▶ _WHAT TO WORK ON_
For each record below, retype the text exactly and omit any image.

▶ _DATA SUPPLIED_
---------------
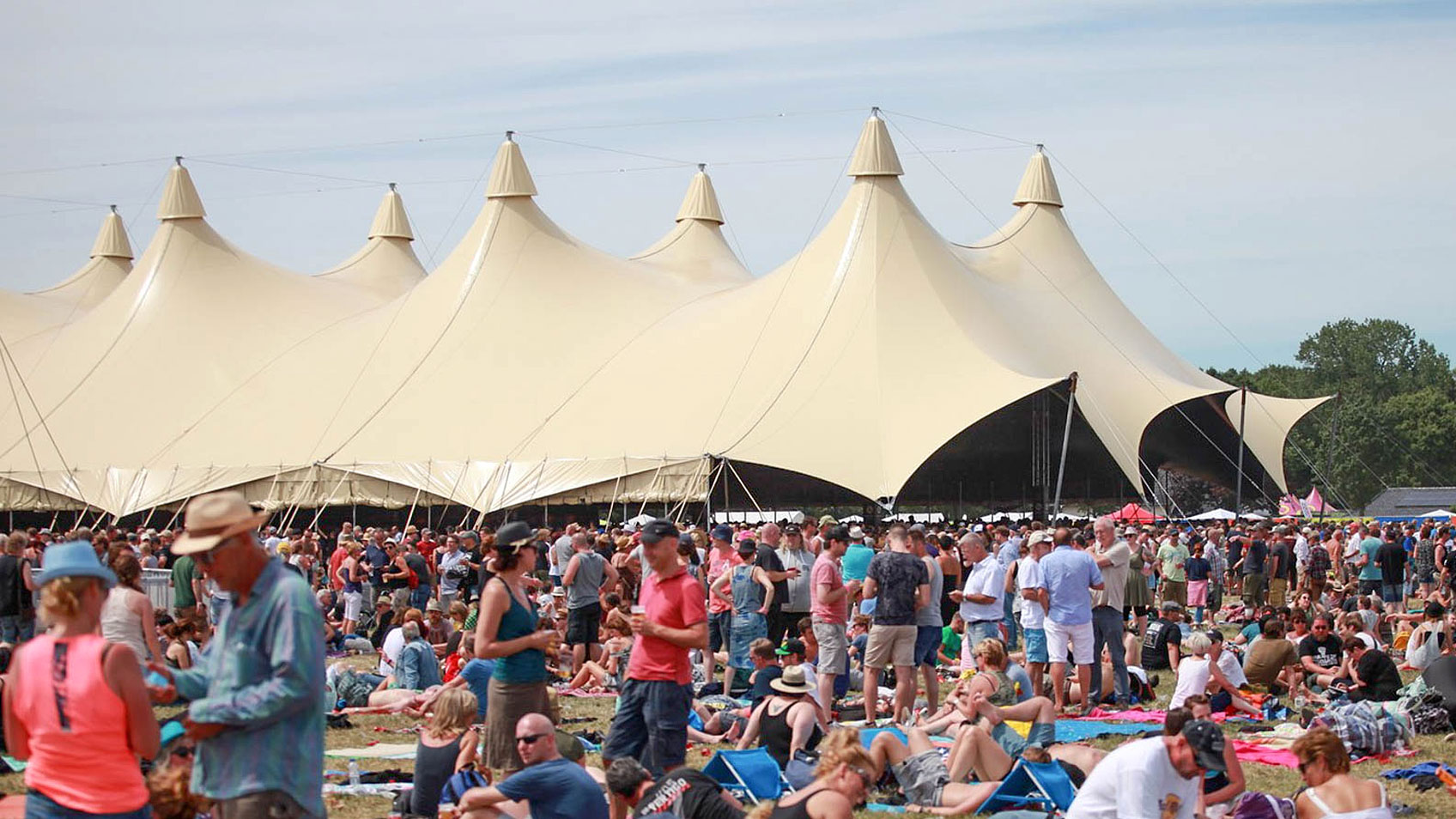 De Sahara is een sierlijke multifunctionele evenemententent van 40 meter breed, in een prachtige lichte zandkleur. De evenemententent wordt geleverd met een open kop oftewel eindstuk wat diverse toepassings-mogelijkheden biedt en waardoor het publiek buiten de tent ook aansluiting heeft met het publiek en de podiumartiesten binnen. Zo kunt u afhankelijk van het weer, het publiek, de aard van de optredens of de gewenste look, kiezen voor de beste optie m.b.t. uw evenement.
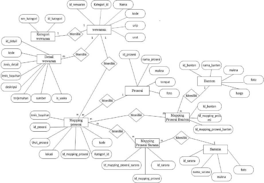 Gambar 4 merupakan Entity dan Relationship yang terlibat dalam Sistem Informasi Bebayuhan Oton. Entitas yang dimiliki berjumlah 9 yang terdiri dari wewaran, detail wewaran, prosesi, banten, sarana, mapping prosesi, mapping prosesi sarana, mapping prosesi banten.
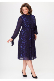 Демисезонное платье из текстиля с поясом и сборками VIPPRIMO 112 темно-синий
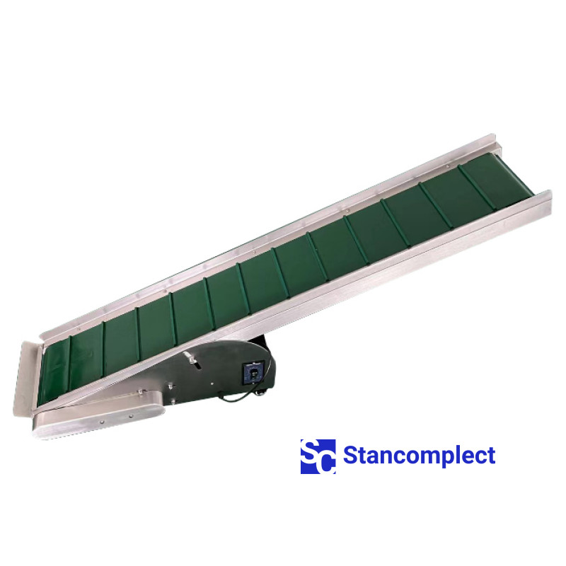 Разгрузочный конвейер предназначен для передачи упакованной фурнитуры из упаковочной машины на контрольные весы. Высота 700 мм.
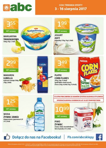 Nowa gazetka promocyjna sieci sklepów ABC. Polecane promocje z gazetki ABC: Margaryna Śniadaniowa 500 g - 3,55 zł. Jogurt naturalny Zott 370 g - 1,99 zł. Płatki Corn Flakes 250 g - 3,49 zł. …
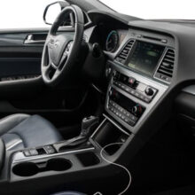 در بخش انتهای خودرو نیز، چراغهای LED عقب به همراه دو اگزور قرارگرفته در زیر دو شبرنگ و اسپویلر بالای چراغها، چهرهی سوناتا را شکیلتر کردهاند. البته فرم چراغهای خطر نیز تاحدودی یادآور طراحی کیا اپتیماست. در این بخش از خودرو نیز سیر خطوط منحنی در سپر عقب به چشم میخورد. با بررسی ویژگیهای ظاهر خارجی سوناتا، حال سری به کابین این خودرو میزنیم.
---------------
▶ _FINISHED TASK_
 De Sahara is een sierlijke multifunctionele evenemententent van 40 meter breed, in een prachtige lichte zandkleur. De evenemententent wordt geleverd met een open kop oftewel eindstuk wat diverse toepassings-mogelijkheden biedt en waardoor het publiek buiten de tent ook aansluiting heeft met het publiek en de podiumartiesten binnen. Zo kunt u afhankelijk van het weer, het publiek, de aard van de optredens of de gewenste look, kiezen voor de beste optie m.b.t. uw evenement.
 Gambar 4 merupakan Entity dan Relationship yang terlibat dalam Sistem Informasi Bebayuhan Oton. Entitas yang dimiliki berjumlah 9 yang terdiri dari wewaran, detail wewaran, prosesi, banten, sarana, mapping prosesi, mapping prosesi sarana, mapping prosesi banten.
 Демисезонное платье из текстиля с поясом и сборками VIPPRIMO 112 темно-синий
 Разгрузочный конвейер предназначен для передачи упакованной фурнитуры из упаковочной машины на контрольные весы. Высота 700 мм.
 Nowa gazetka promocyjna sieci sklepów ABC. Polecane promocje z gazetki ABC: Margaryna Śniadaniowa 500 g - 3,55 zł. Jogurt naturalny Zott 370 g - 1,99 zł. Płatki Corn Flakes 250 g - 3,49 zł. …
 در بخش انتهای خودرو نیز، چراغهای LED عقب به همراه دو اگزور قرارگرفته در زیر دو شبرنگ و اسپویلر بالای چراغها، چهرهی سوناتا را شکیلتر کردهاند. البته فرم چراغهای خطر نیز تاحدودی یادآور طراحی کیا اپتیماست. در این بخش از خودرو نیز سیر خطوط منحنی در سپر عقب به چشم میخورد. با بررسی ویژگیهای ظاهر خارجی سوناتا، حال سری به کابین این خودرو میزنیم.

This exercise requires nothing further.